Um dos fundamentos da Lei Geral de Proteção de Dados (LGPD) é o respeito à privacidade. A privacidade dos nossos TITULARES (“você”, “titular”) é muito importante para a Econ Contabilidade e, por esta razão, não medimos esforços para proteger os dados pessoais que tratamos. Desse modo, a presente Política de Privacidade da nossa empresa disponível, inclusive, mas não se limitando, por meio do nosso site, têm o propósito de explicar de forma simples, clara e objetiva que tipo de dados serão coletados, bem como o momento e como serão utilizados.

Quando nos referimos aos dados pessoais, consideramos qualquer dado relacionado à pessoa natural identificada ou identificável, inclusive números identificativos, dados de localização ou identificadores eletrônicos, quando estes estiverem relacionados a uma pessoa natural.
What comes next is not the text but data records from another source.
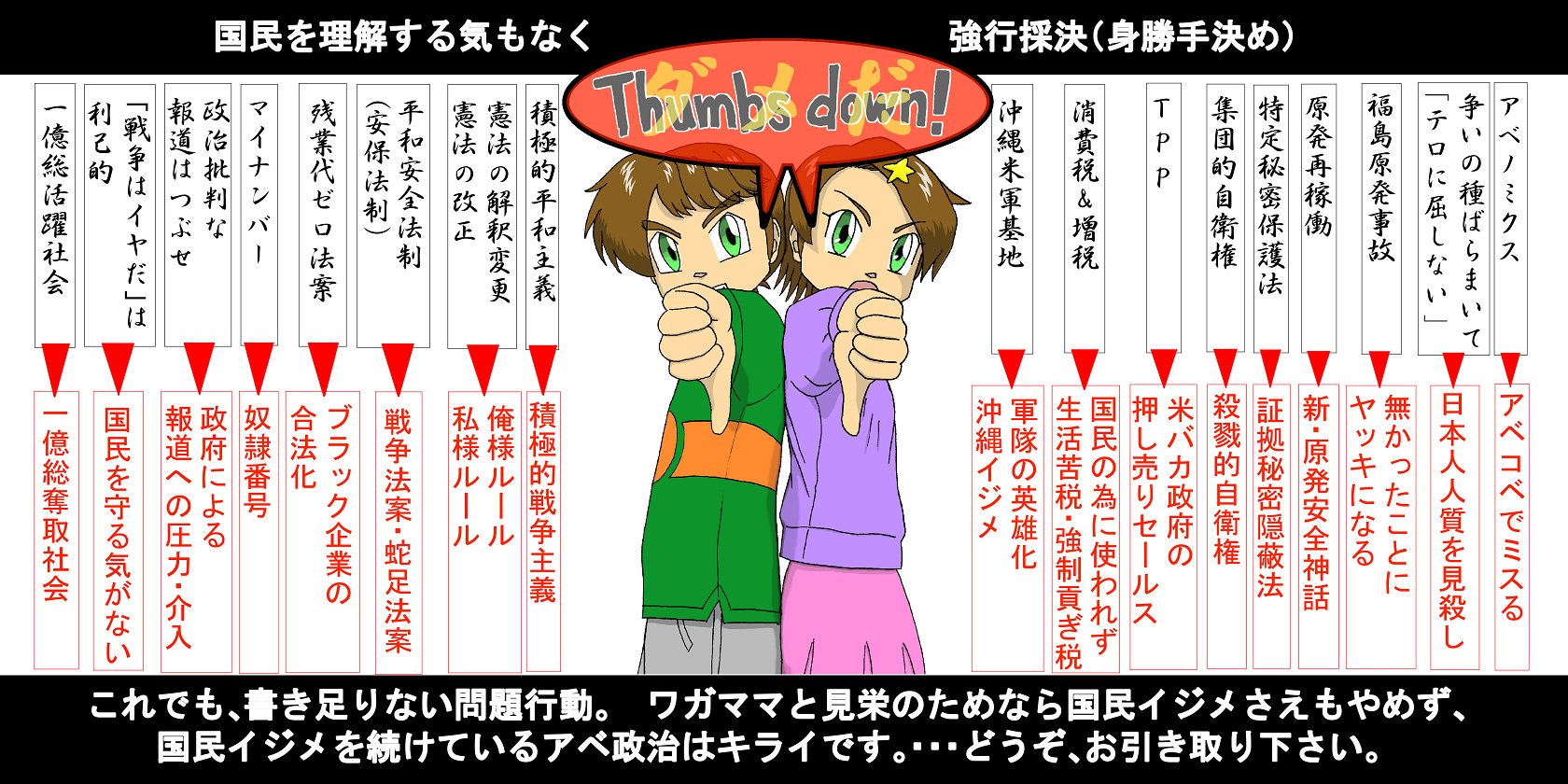 또 자민당?>>32 安倍批判自体はしたって構わないんだよ。自浄作用として働くんなら。そうじゃなくて、言ってることが筋が通ってないから、ただのお荷物でしかない。
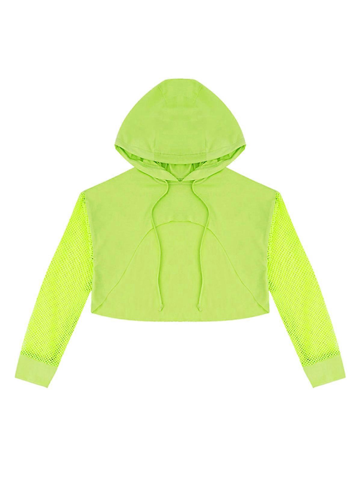 Kids Girls Fishnet Cropped Hoodie Mesh Crop Tops Pullover Hooded Sweatshirts Top
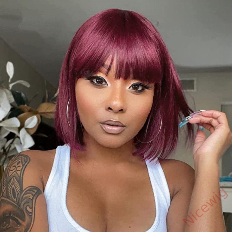 Glueless Wine Red Straight Hair Short BOB Wigs With Bangs
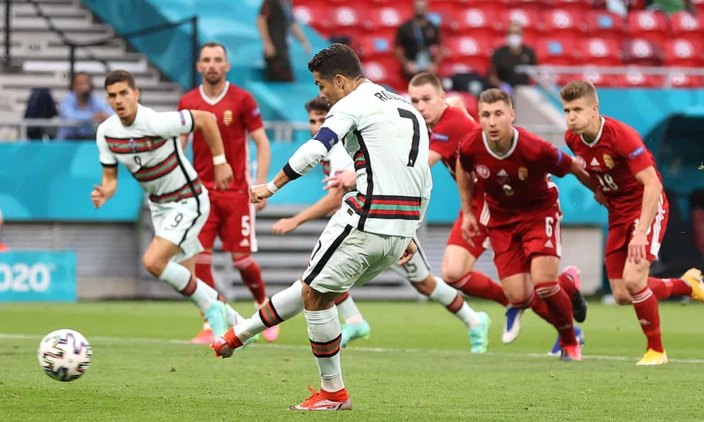 Đến những phút bù giờ, Ronaldo có tình huống di chuyền thông minh để thoát khỏi hàng thủ của Hungary. Đối mặt với thủ môn Gulasic, đội trưởng của Bồ Đào Nha không bỏ lỡ cơ hội ấn định chiến thắng 3-0, đồng thời giúp anh đi vào lịch sử Euro khi trở thành cầu thủ ghi bàn nhiều nhất với 11 bàn thắng.
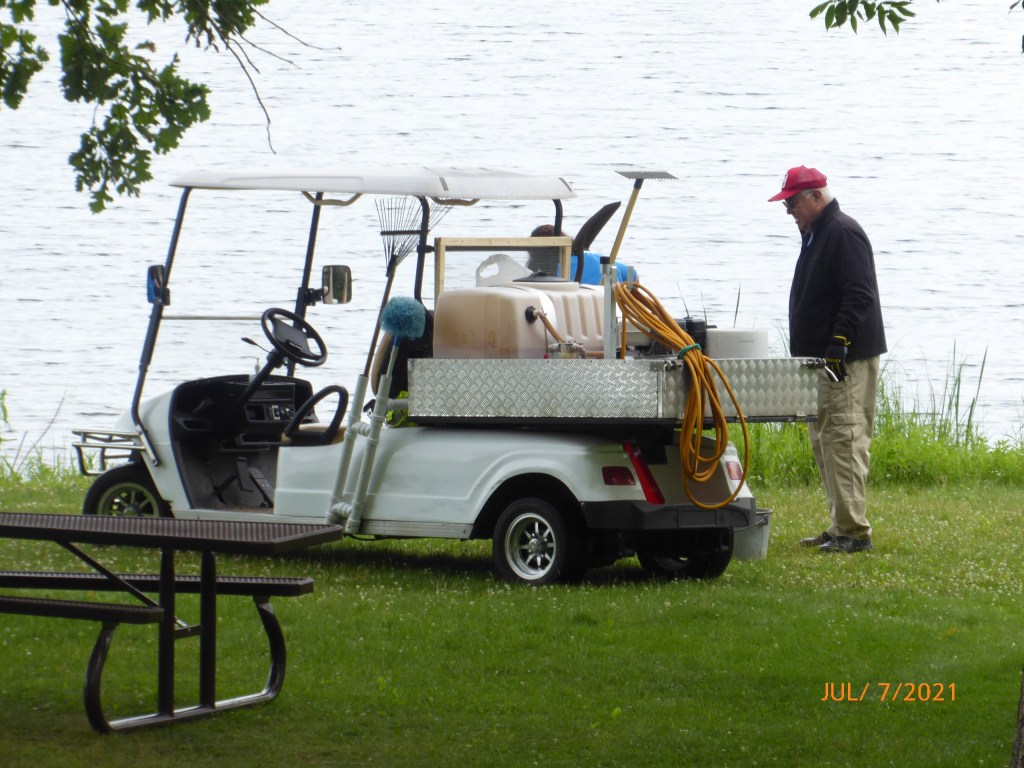 We ran into these two while we were out walking the trail. Do you see that tank in the back of the golf cart? See how dirty it is? At our marina in Minnesota, they pump out peoples boats using a golf cart with a big tank on the back, so you can imagine their confusion when I asked them if they were a portable pump out
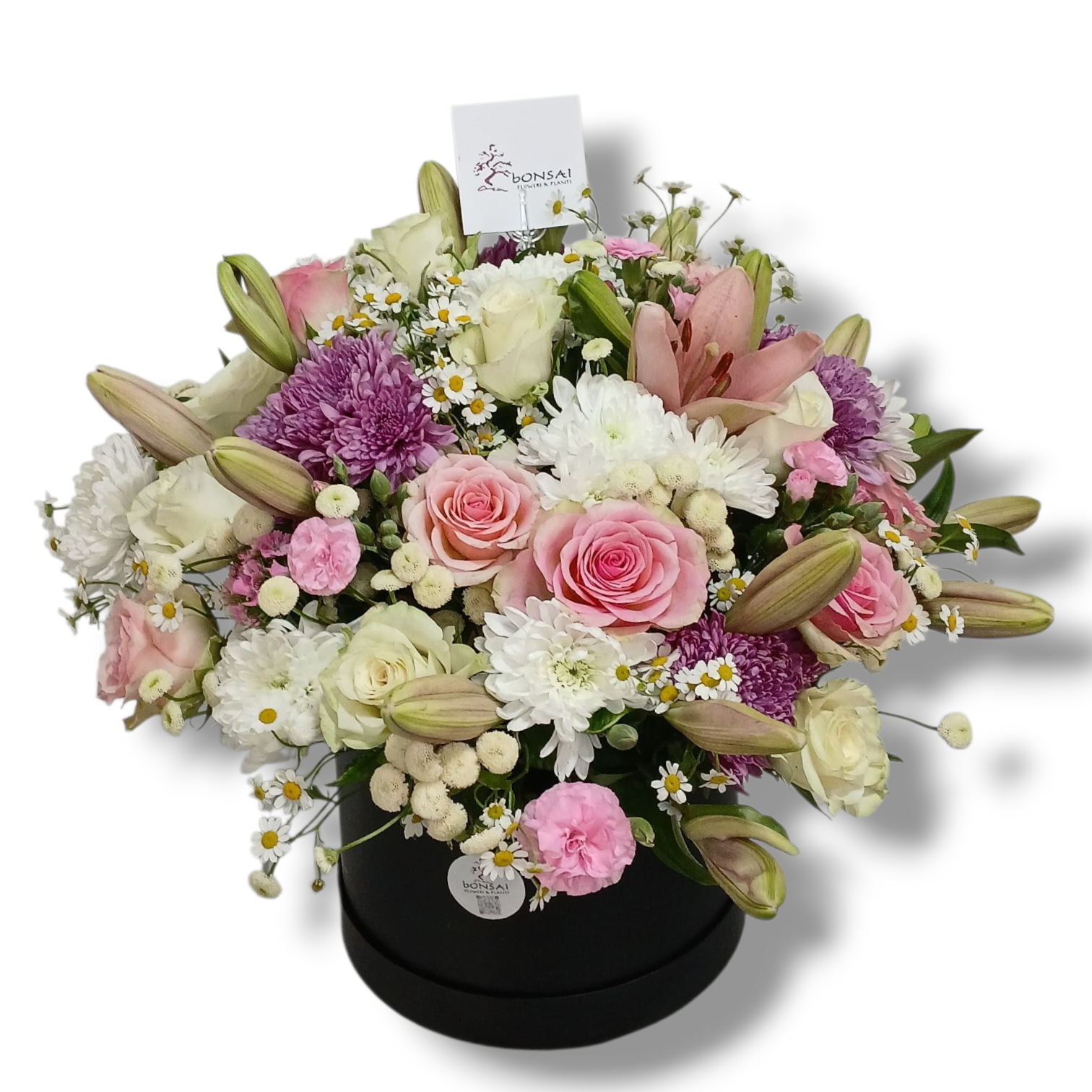 Arrangement of a mix of white and pink flowers in a Box 50*50cm
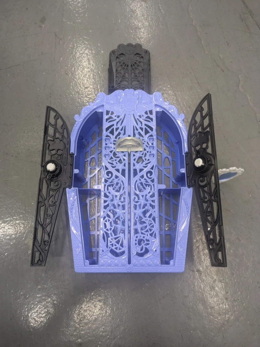 Selling a Monster High coffin bed doll furniture set. It appears to be in good condition and comes with a small mirror accessory. Perfect for any Monster High fan!
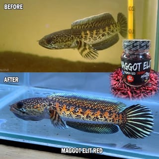 MAGGOT ALL COLOR (FOR ALL COLORS OF CHANNA FISH) 30 GRAMS THE ALL COLOR MAGGOT VARIANT IS A MIXTURE OF RED ELITE MAGGOT AND BLUE ELITE MAGGOT, SO THE DOSE IS FAST FOR YOUR FISH USES: - FOR CHANNA AURANTI ORANGE AND BLUE BARS ON THE DORSAL - FOR CHANNA MARU INCREASE THE COLOR AND BLACKEN/BATIKIN THE DORSAL MARU. - FOR LIMBATA, ANDRAO, STEWARTI JUST USE IT (ALL COLOR SHRIMP IF MAGGOT IS MORE AUERRANTI AND MARU) BUT IF YOU WANT TO INCREASE ALL COLORS AND QUICKLY BIG THE FISH I RECOMMEND MAGGOT ELITE (QUICK MAGGOT FOR BIG FISH) WARNING : THE PIGMENT THAT WE USE IS THE BEST MATERIAL WITHOUT SAVING THE MATERIAL (SLIGHTLY OVERFLOWING WHEN IT ENTERS THE WATER/RED PIGMENT UNTIL IT COMES OUT). ADVICE TO FEED EVERY DAY 2 TIMES A LITTLE OR ONCE BUT A BIT HOW TO USE : FEED EVERY DAY ( DIKIT) AND AVOID EXCESS FEED ( CAN BE FAT) SIZE OF CHANNA AND AMOUNT OF FEED 2 TIMES A DAY 10 - 15 CM = ENOUGH 2-3 MAGGOT 15 - 30 CM = ENOUGH 4-6 MAGGOTS 30 - 50 CM = ENOUGH 7-10 MAGGOT THANK YOU FOR BUYING THE BOSS MAGGOT FEED... SUCCESS IS ALWAYS MY BOSS
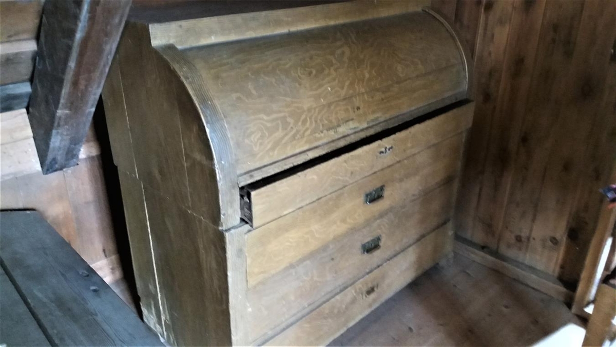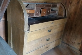 Skatthol með renniloki (hallloki), málað ljósri eikarmálningu. Er með þremur skúffum. Tvísett skúffuröð undir hallloki. Kynni áður að hafa verið með skápi að ofan. Er innflutt (danskt). Ágúst á Hofi sagði að sú sögn hefði fylgt skattholinu að það hefði fyrst verið í eigu Hannesar Finnssonar biskups, en sérfróðir menn geta þá ákvarðað aldur þess. Guðmundur Þorbjarnarson mun hafa komið með það að Hvoli utan úr Vestmannaeyjum.
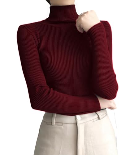 [Dreambuilder] ニット タートルネック セーター ハイネック リブ レディース 長袖 重ね着 シンプル おしゃれ カットソー シンプル インナー 秋 冬 (JP, アルファベット, Free Size, ワインレッド)
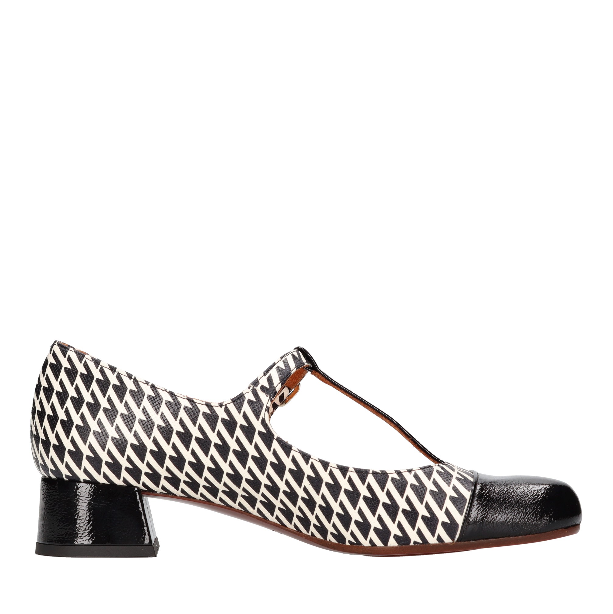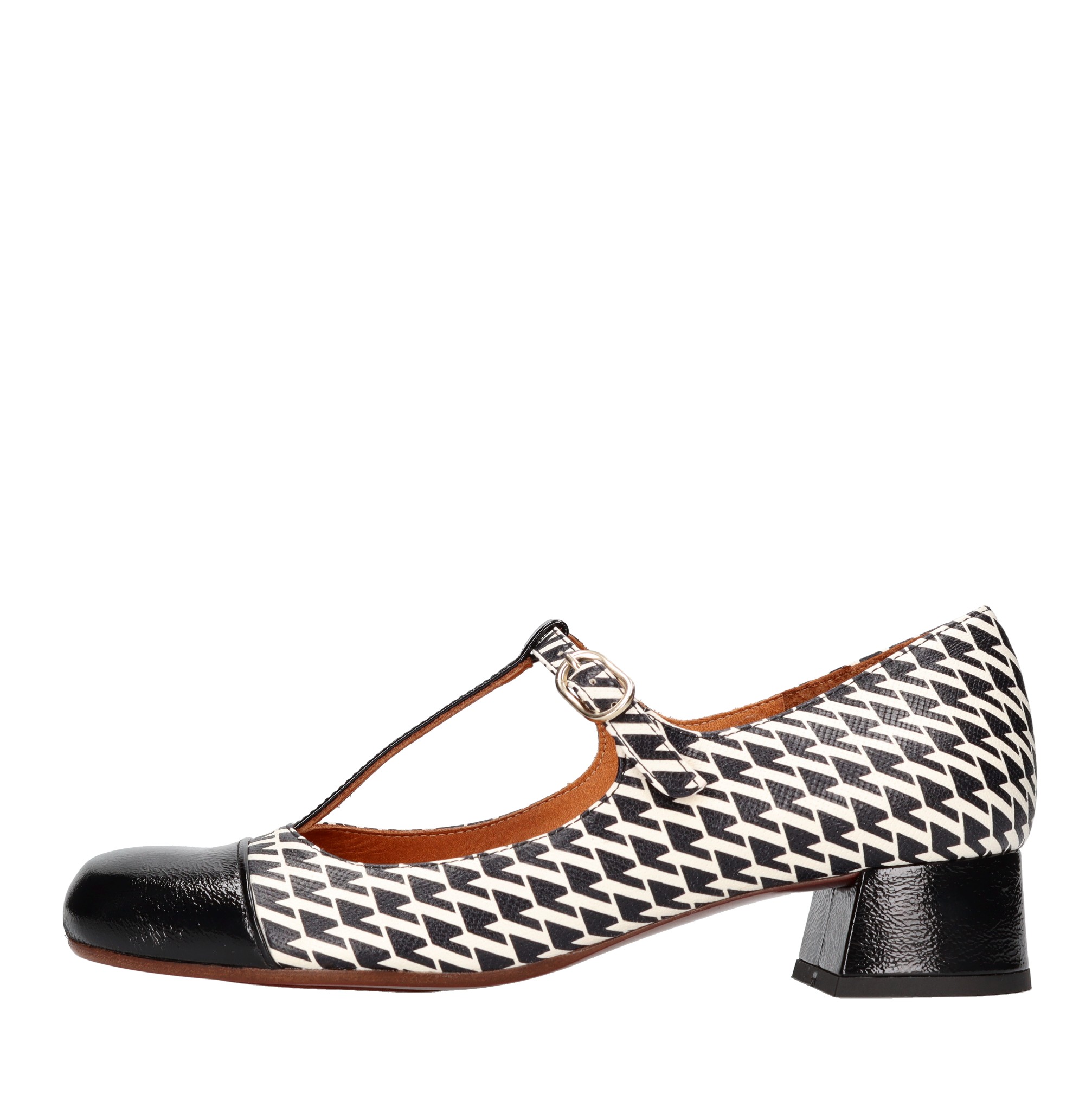 REVITA45 model décolleté in leather with geometric pattern. Leather lined heel. Leather outsole with a piece of non-slip rubber. Internal leather upper.
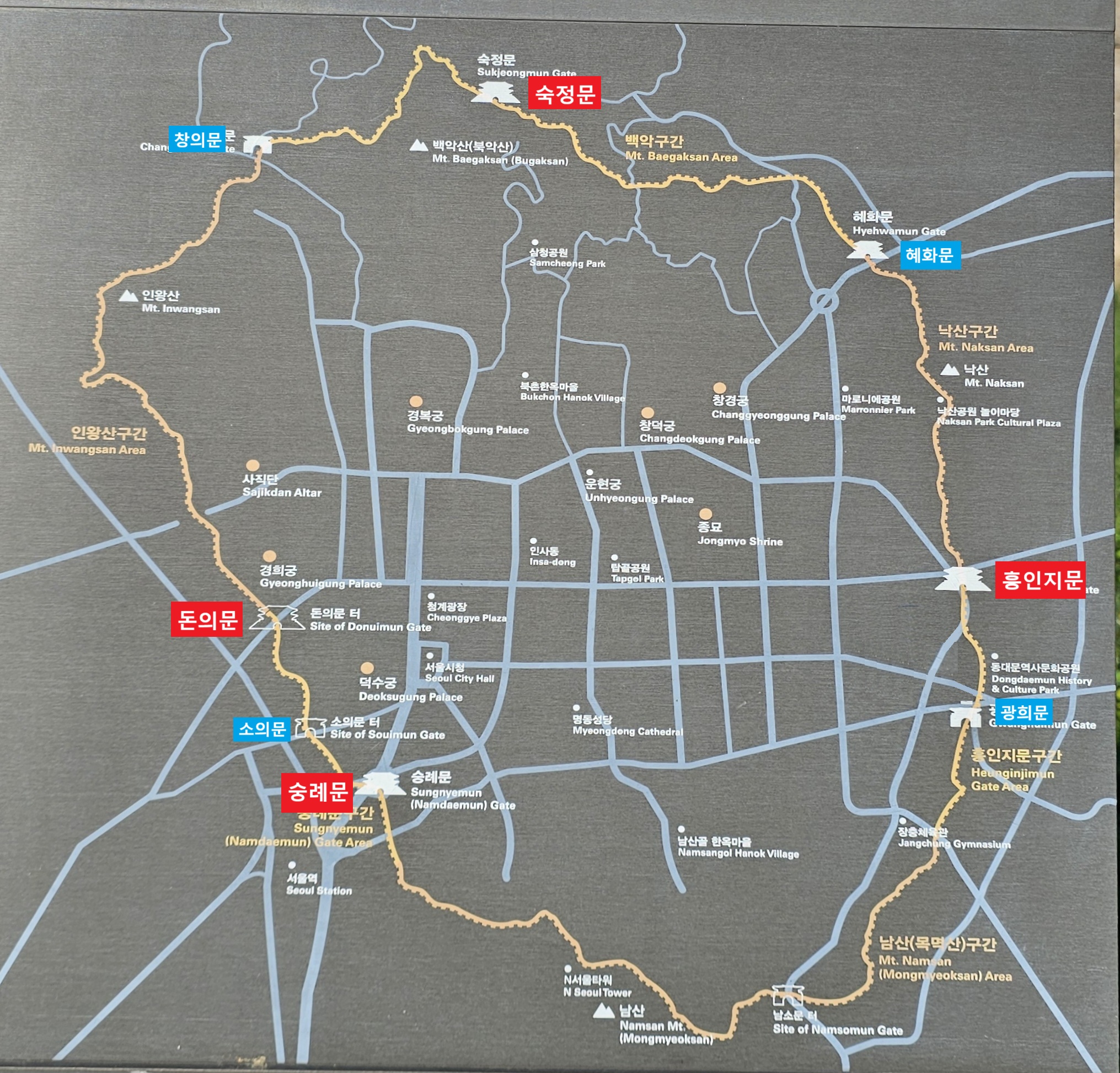 경성(京城)의 8문에서 정남쪽에 있는 문을 숭례문(崇禮門), 속칭 남대문이라 하였고, 정북쪽에 있는 문을 숙청문(肅淸門)이라 하였으며, 정동쪽에 있는 문을 흥인문(興仁門), 속칭 동대문이라 하였고, 정서쪽에 있는 문을 돈의문(敦義門), 속칭 신문(新門)이라 하였으며, 그 동북쪽에 있는 문을 혜화문(惠化門), 속칭 동소문이라 하였고, 서북쪽에 있는 문을 창의문(彰義門)이라 하였으며, 동남쪽에 있는 문을 광희문(光煕門), 속칭 남소문이라 하였고, 서남쪽에 있는 문을 소의문(昭義門), 속칭 서소문이라 하였다. 그리고 또 수구문(水口門)이 있었으니, 소의문과 수구문 이 두 문은 시체를 내보내는 데에 쓰였다.

Em resumo, qualquer informação pessoal que possa identificar o seu titular. Isso se aplica desde informações como nome e endereço a questões como gênero, religião ou posicionamento político, entre outros. Os dados sensíveis são dados pessoais sobre origem racial ou étnica, convicção religiosa, opinião política, filiação a sindicato ou à organização de caráter religioso, filosófico ou político, dados referentes à saúde ou à vida sexual, dado genético ou biométrico, quando vinculado a uma pessoa natural.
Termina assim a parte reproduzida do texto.